Sorption of U(VI) onto TiO2. A vibrational spectroscopic analysis of the sorption processes

A detailed knowledge of the sorption processes of uranium(VI) onto titanium(IV) dioxide (TiO2) can serve as a model for the elucidation of molecular processes on more complex mineral surfaces. Because of the high stability, low solubility over a wide pH range and the well-known structure of TiO2, sorption studies with U(VI) can be carried out throughout a large range of experimental parameters [1-3].
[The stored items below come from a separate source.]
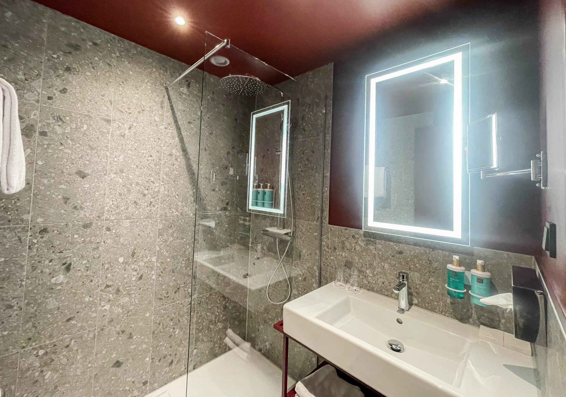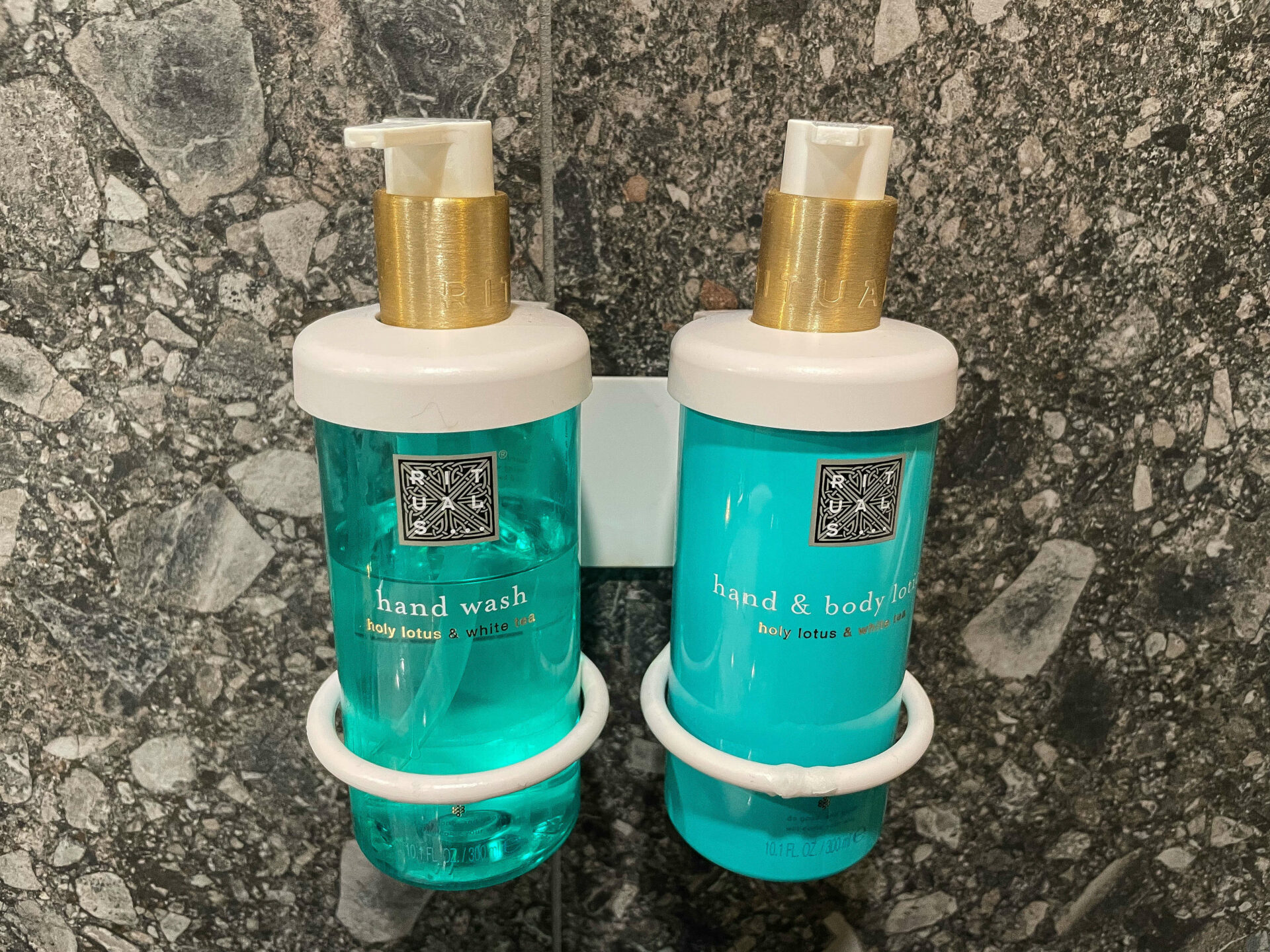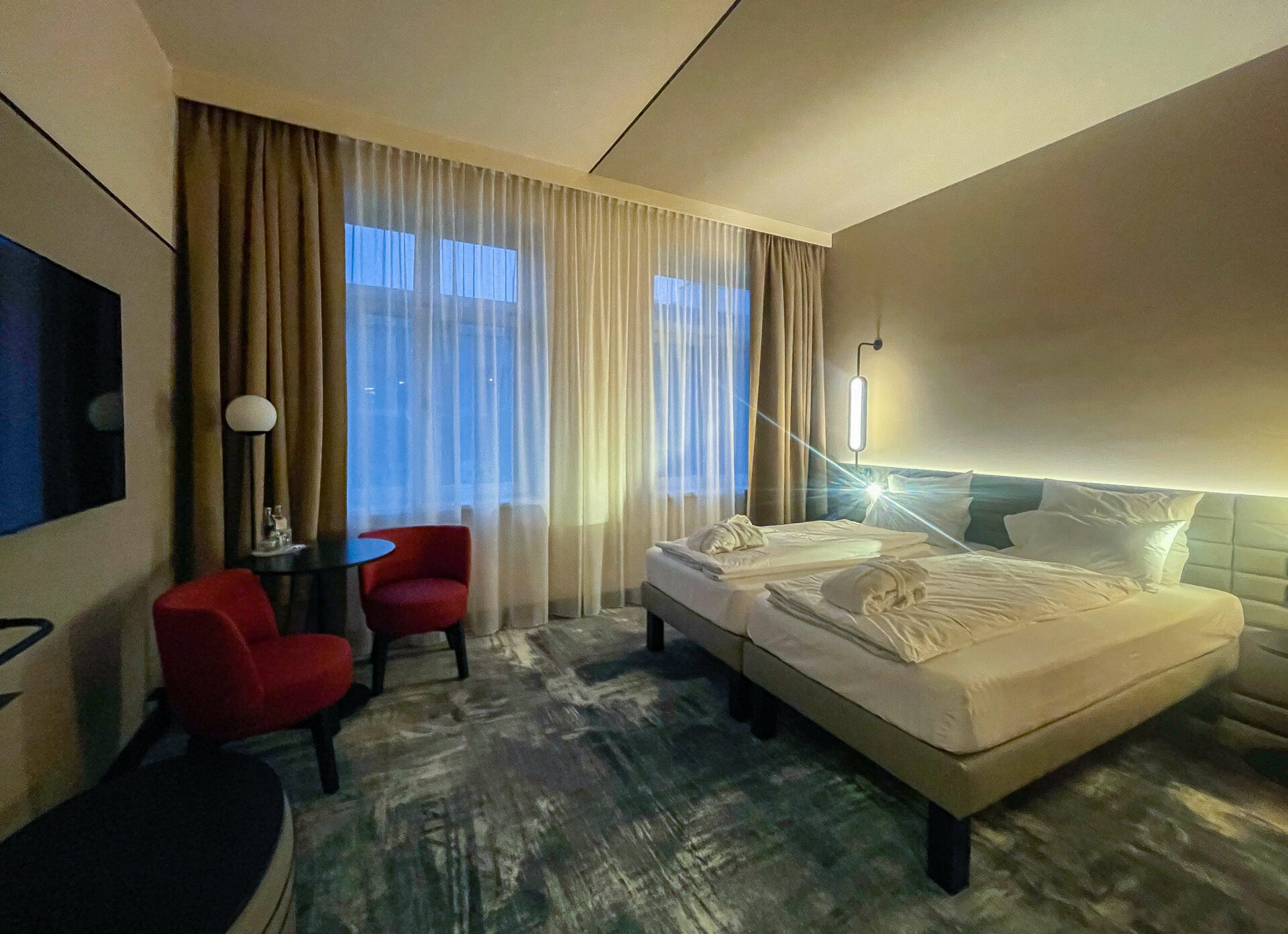 Die Zimmer sind im Schnitt 25 Quadratmeter groß und setzen auf ein harmonisches, elegantes Farbkonzept – schiefergrau und weinrot dominieren. Auf unnötige Möbel wie sperrige Kästen oder Schreibtische wird verzichtet, stattdessen gibt es Aufhängemöglichkeiten an der Wand und gemütliche Sitzgelegenheiten. Im Badezimmer wird auf Nachhaltigkeit geachtet und die kleinen Tiegel mit Duschgel durch größere Spender ersetzt. Der Inhalt kommt aber nach wie vor von der Kosmetikmarke Rituals. Dazu kommt eine Kapselkaffeemaschine. Es gibt drei Zimmerkategorien und zwei Suiten für Familien.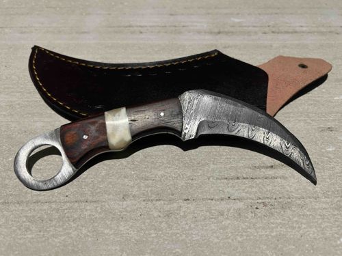 8” karambit style fixed blade knife. Handle is made of wood and bull bone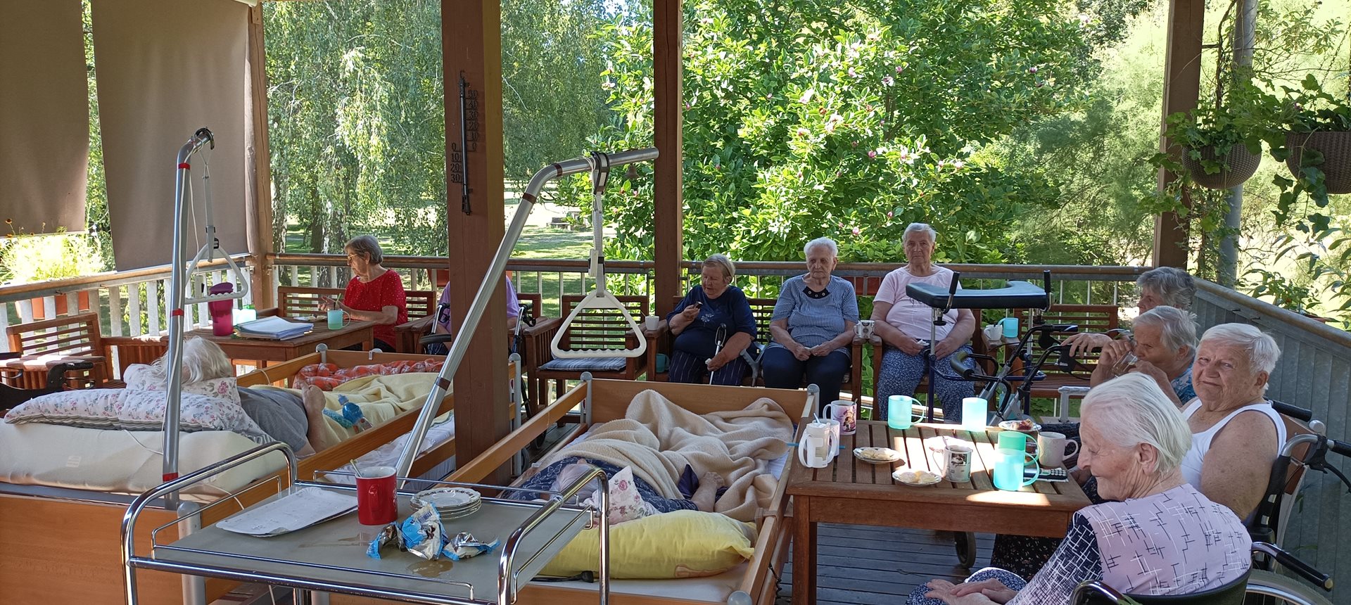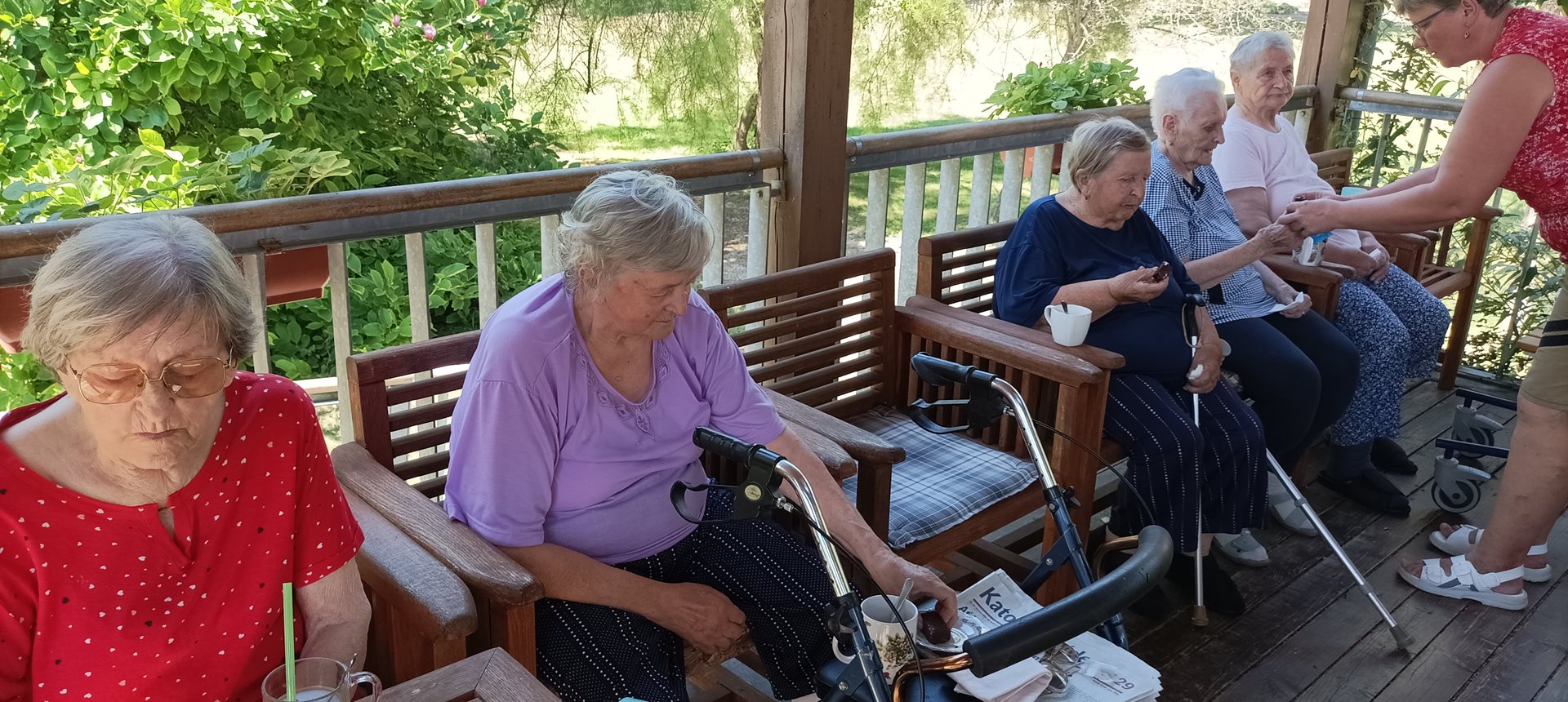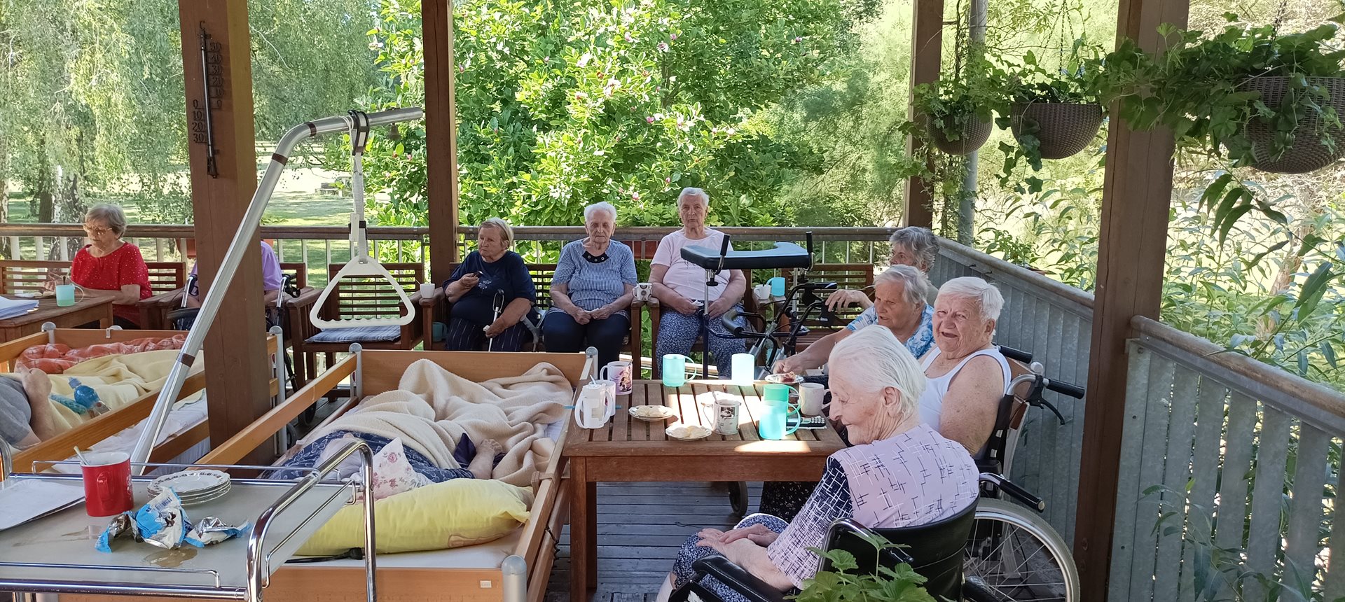 Již dříve jsme psali o tom, že když je počasí přívětivé, vozíme naše uživatele, kterým jejich zdravotní stav nedovoluje se volně pohybovat po pavilonu či trávit hodiny vsedě v křesle, ven před budovu či na altánek na lůžkách. Letní dny se nyní často předhánějí v tom, který z nich bude nejteplejší a úmornější, ale když se mírně ochladí, hned vyrážíme s uživateli na procházku či na altánek. Zde si pak mohou dát šálek dobré kávy/čaje, sníst si zde svou odpolední svačinku nebo je jim donesen nanuk k zakoupení. Dobré jídlo a pití vždy rozvíří dobrou náladu, a tak se uživatelé pod taktovkou pečovatelek často dávají do zpěvu. Za příjemného počasí tak můžete slyšet zpěv lidových písní našich uživatelek na altánku, který se nese do všech koutů parku.

In this work, we used attenuated total reflection Fourier-transform infrared (ATR FT-IR) spectroscopy in an in situ investigation of the sorption processes of U(VI) onto TiO2. A set of highly purified and well characterized TiO2 phases from different origins differing in the ratio of the most stable polymorphs, i.e. anatase and rutile, in specific surface area and in particle size distribution was investigated. Irrespective of the composition of the mineral phase, it was shown that U(VI) mainly forms a similar inner sphere complex, showing an absorption maximum shifted of about 20 cm−1 to lower wavenumbers compared to the aqueous species.
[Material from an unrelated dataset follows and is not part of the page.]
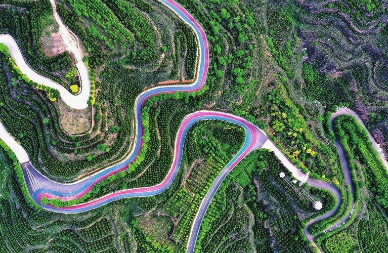 6月9日,东山层层叠叠的绿色植被被旅游公路如彩带般串联在一起。东山环境治理总面积达到了3850亩,大力引入阔叶树种、彩叶树种、经济树种,实现一次造林、一次成林、一次成景。 记者 韩双喜 摄
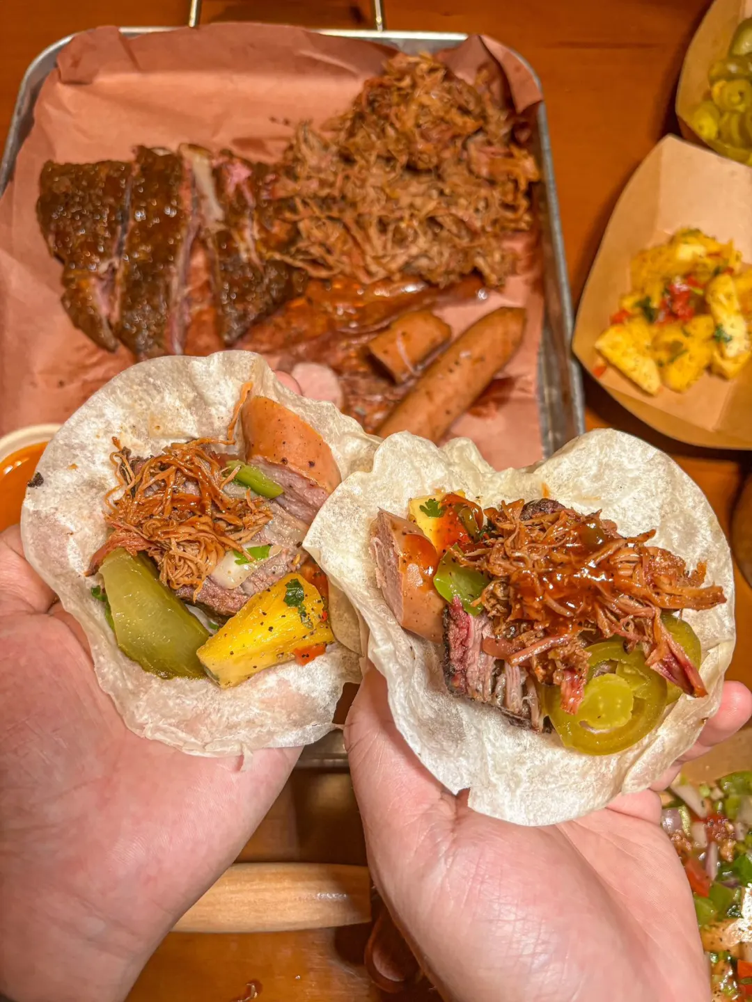 🌟烟熏牛肋排真的超级推荐,肉食爱好者的最爱😋用热乎乎的饼皮包着菠萝+番茄沙拉+墨西哥辣椒➕酸黄瓜再加上大块牛肉牛🥩

The influence of the aqueous speciation on the sorption process was studied using different concentrations of the actinide ions and at different pH values. The high sensitivity of the in situ ATR FT-IR technique allows the study of U(VI) concentrations down to the lower micromolar range. From these results, it is concluded that only one significant surface U(VI) complex forms in the pH range between 4 and 7, and across a range of aqueous uranyl concentrations. The surface speciation of uranyl therefore involves fewer species than the aqueous speciation in these experimental systems, as is consistent with the findings of a previous study [4].
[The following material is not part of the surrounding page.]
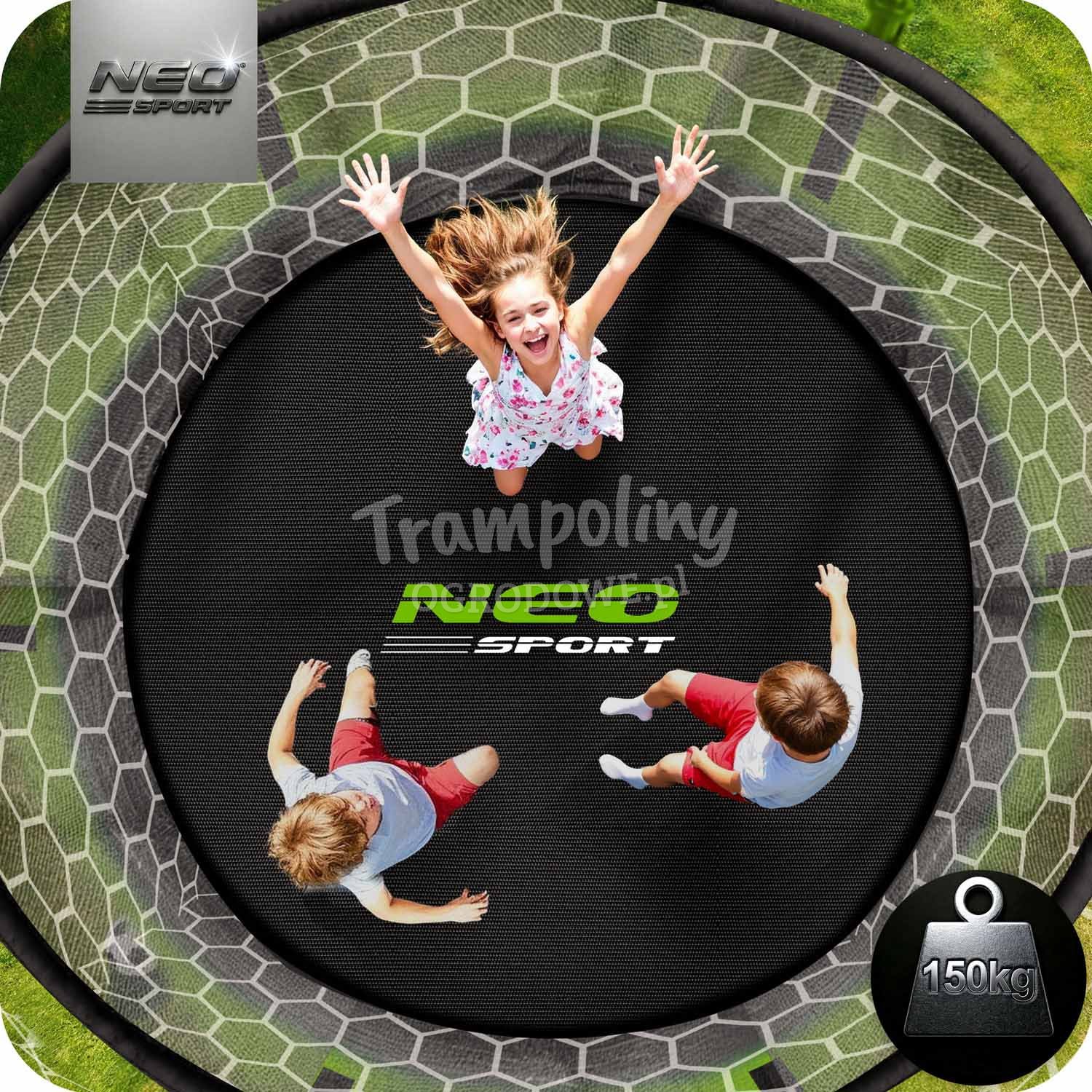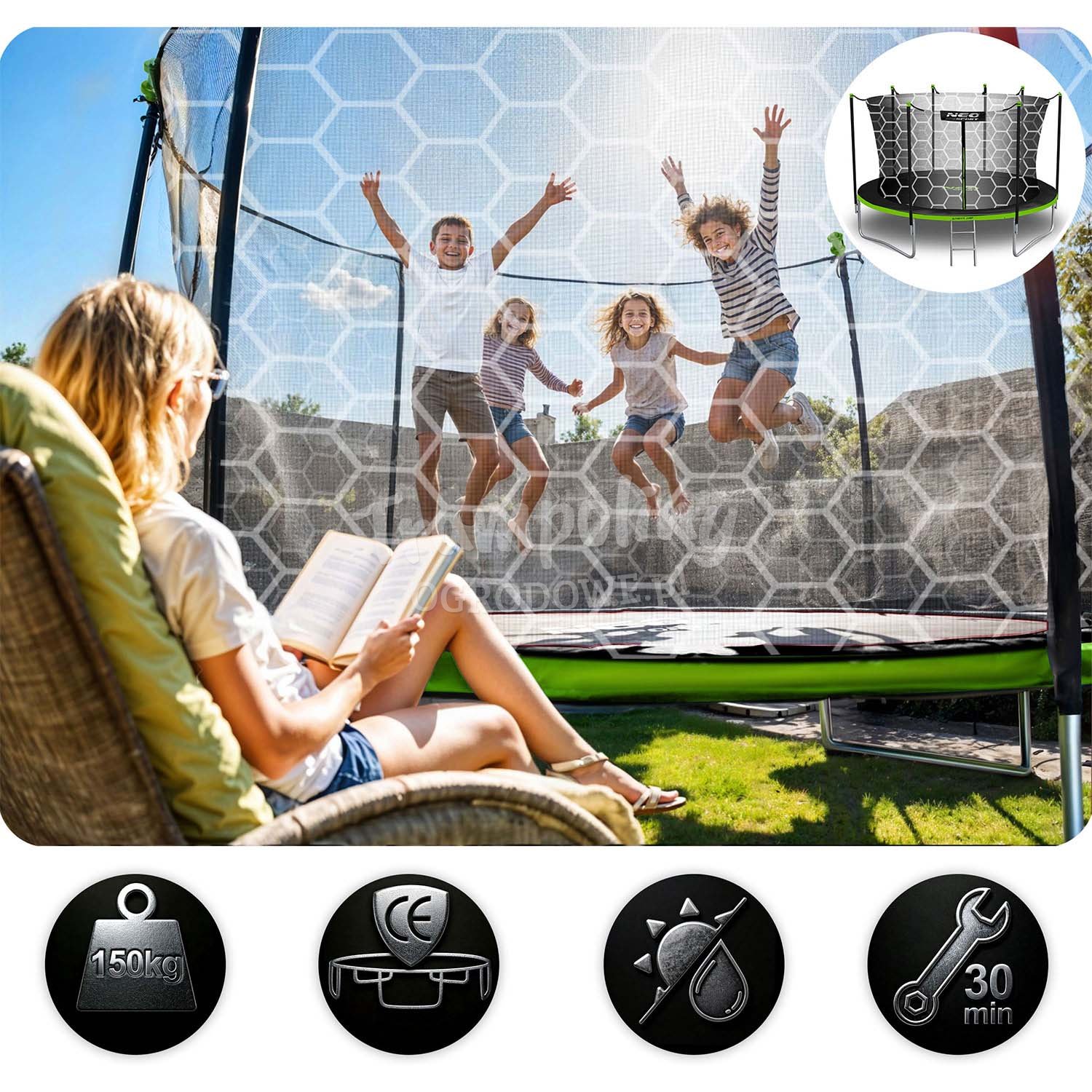 Trampolina NEO SPORT o imponującej średnicy 404 cm zapewnia mnóstwo miejsca do skakania – idealna dla dzieci i dorosłych!

Furthermore, the capability of a fast scanning of IR spectra makes it feasible to carry out time-resolved experiments of the sorption processes with a time resolution in the sub-minute time range. It is shown that in the early steps of the U(VI) sorption a transient species is formed on the mineral phase showing a clearly red-shifted absorption maximum. After prolonged sorption the IR spectra indicate the formation of a stable surface species which is commonly found on TiO2 phases. These findings give new insights into the surface complex formation of U(VI) on titanium dioxide at a molecular level.

[1] Den Auwer, C., Drot, R., Simoni, E., Conradson, S. D., Gailhanou, M. and de Leon, J. M. (2003) "Grazing incidence XAFS spectroscopy of uranyl sorbed onto TiO2 rutile surfaces." New J. Chem. 27, 648-655.
[2] Wazne, M., Meng, X. G., Korfiatis, G. P. and Christodoulatos, C. (2006) "Carbonate effects on hexavalent uranium removal from water by nanocrystalline titanium dioxide." J. Hazard. Mater. 136, 47-52.
[3] Vandenborre, J., Drot, R. and Simoni, E. (2007) "Interaction mechanisms between uranium(VI) and rutile titanium dioxide: From single crystal to powder." Inorg. Chem. 46, 1291-1296.
[4] Lefèvre, G., Kneppers, J. and Fédoroff, M. (2008) "Sorption of uranyl ions on titanium oxide studied by ATR-IR spectroscopy." J. Colloid Interface Sci. 327, 15-20.